Parallelizing tree edit distance
(master thesis or bachelor project)
The tree edit distance (TED) is a commonly used measure for comparing rooted ordered labelled trees. TED is defined as the minimum number of simple node operations (delete, insert, relabel) that transform one tree into another. The first recursive formula for TED has been introduced in the late 1970's by Tai. Since then, several algorithms implementing that formula have been proposed. The recent and most efficient development is the RTED algorithm by Pawlik and Augsten (2011). Unfortunately, Demaine et al. have shown that all algorithms that implement the recursive formula by Tai have at least cubic runtime in the worst case.
Despite the simplicity and meaningfulness of the measure, TED is sometimes disregarded due to its inefficiency (due to cubic runtime and quadratic memory complexities, comparing trees of one million nodes may require 100 hours runtime and 1TB memory). One way of improving the efficiency of an algorithm is to distribute the computation to multiple CPU cores. However, parallelizing the tree edit distance is far from being trivial. TED is computed using dynamic programming, where the results of smaller problems are used to calculate the values for larger problems. In order to parallelize the algorithm, the dependencies between these values must be considered.

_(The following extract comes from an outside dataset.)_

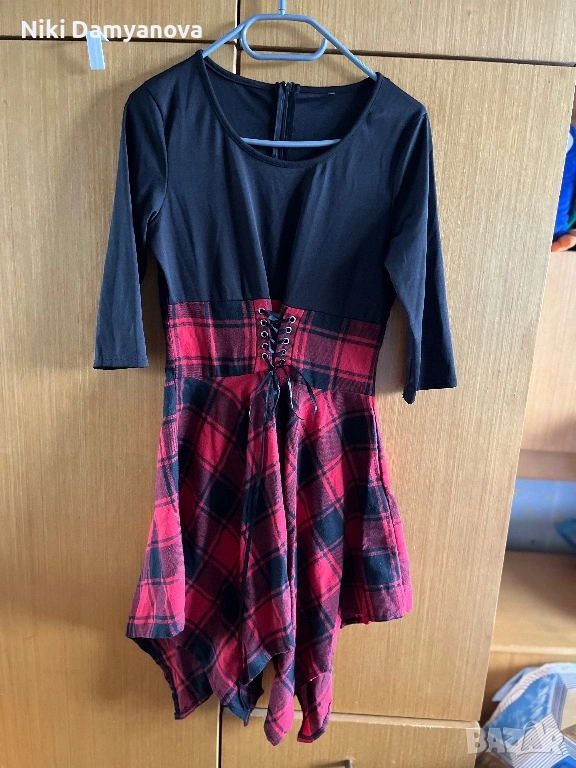 Продавам ефектна рокля в комбинация от черно и червено каре. Моделът е с 3/4 ръкав, асиметрична пола и акцент – корсетни връзки в талията, които подчертават фигурата.
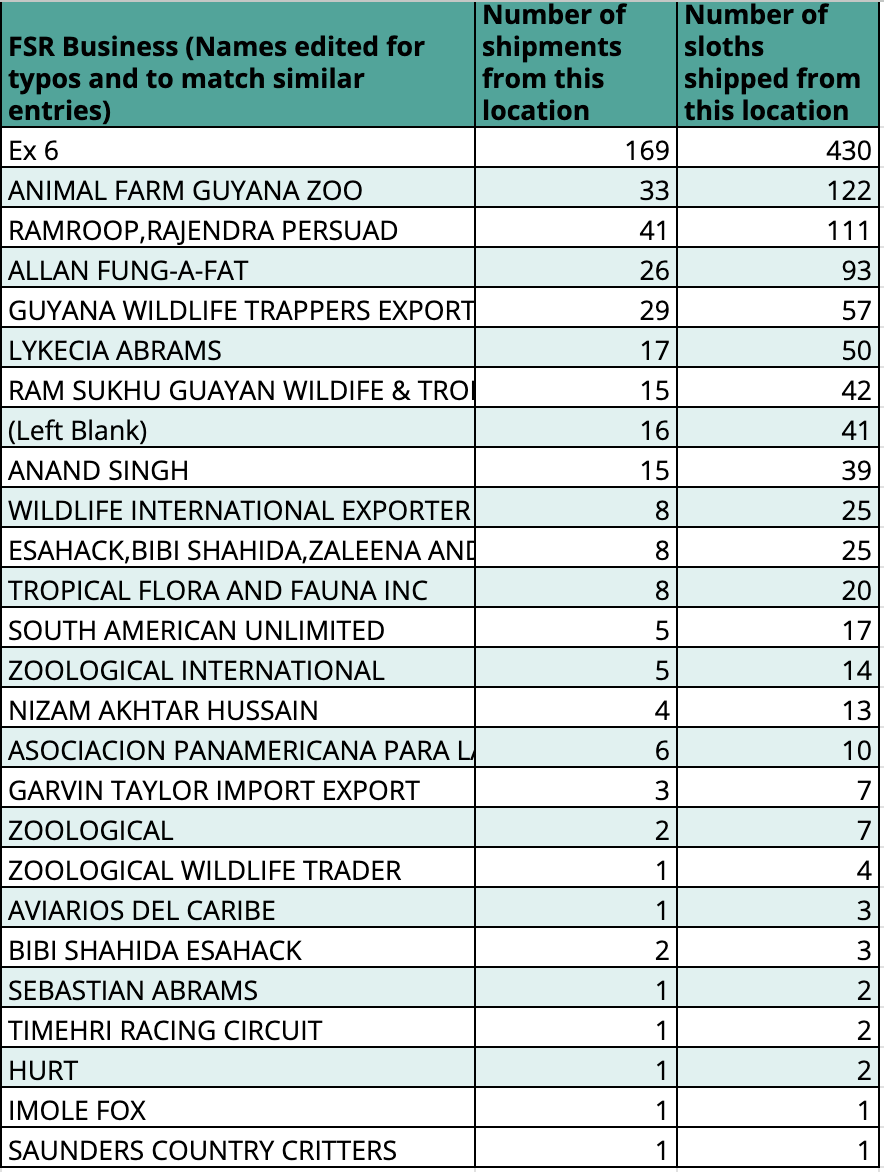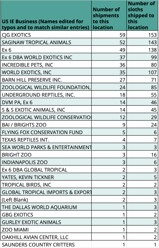 *The above list does not include the resale of sloths within the US – for example, businesses that import large numbers of sloths are supplying other facilities and private owners for a profit. This trade is not necessarily monitored by the US government*

Until now, there are only two research publications proposing parallel solutions for TED. The goal of this thesis is to study these approaches and develop new techniques for TED which reduce both, runtime and memory requirements. In particular, the following tasks are foreseen:
- study the literature concerning the tree edit distance and its parallel computation,
- implement the parallel TED algorithms from literature and measure their performance compared to the non-parallel versions,
- design new techniques to solve TED on multiple CPUs with an emphasis on memory consumption.